Труп стукнулся головой о бетонную плиту, давным-давно брошенную строителями, почти вросшую в землю. Глухой звук неприятно резанул по нервам.
– Ну и что теперь делать? – спросил Гусев. – Расстрелять зачинщиков? Ведь они, козлы, самосуд устроили.
– Погодь, командир, не пори горячку, – посоветовал один из комодов. – Но на будущее орлов наших стоит предупредить: еще раз – и к стенке.
– В особый отдел надо докладывать, – вздохнул Павел. – Вони будет…
– Доложить нужно, – согласились с ним. – Хотя особист один хрен уже все знает.
– То-то и оно. Натворили делов… млин!
На общем построении Гусев предупредил: виновных в самосуде будет передавать в особый отдел. Пусть там решают.
– А еще лучше, – сказал он, – сам грохну, без суда и следствия. Мы хоть и штрафники, но не беспредельщики. Сорвался в бою – так и быть, понять можно, но после – не вздумай! Здесь не махновщина, не грабь-армия.
Штрафники – небритые, грязные и расхристанные, изобразившие подобие строя, слушали его с отсутствующим видом.
И Павел понимал их натянутое молчание. Ходящих по узкому лезвию между жизнью и смертью уже ничем не проймешь. Не боятся они, и плевать им на все.
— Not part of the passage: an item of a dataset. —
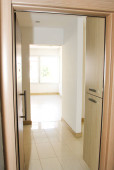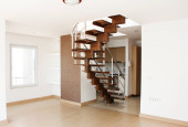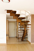 brązowe drewniane schody we wnętrzu dwupoziomowego mieszkania

Более того, сам вдруг ощутил неискренность своих слов, когда вспомнил расстрелянных пленных у блокпоста. Война, подлюка, и не такое с людьми делает.
– Разойдись, – скомандовал Гусев.
Когда бойцы расходились по сторонам, случайно приметил подозрительно распухшие губы у Чечелева.
Того уже успели во взводе окрестить Студентом.
– Что с лицом? – спросил Павел, прекрасно понимая: боец огреб от кого-то, и наверняка за вздорный характер.
– Упал, – хмуро ответил Чечелев.
– И долго падал? – насмешливо уточнил Гусев.
– Минут пять.
– Пять минут – немного. Будешь жить.
Лишь вечером Гусев выяснил посредством слухов и разговоров, что огреб Студент в ссоре с Боксером – еще одним штрафником, скорым на расправу. Результатом их размолвки стала потеря Чечелевым двух верхних и трех нижних зубов.
Теперь, зная Студента, приходилось опасаться еще и за жизнь Боксера.
«Впрочем, что за нее опасаться? – устало думал Павел, оставшийся один и решивший прикорнуть, пока есть возможность. – Рано или поздно каждый получит свою плюху от этой войны».
Гусев в этом ни капли не сомневался.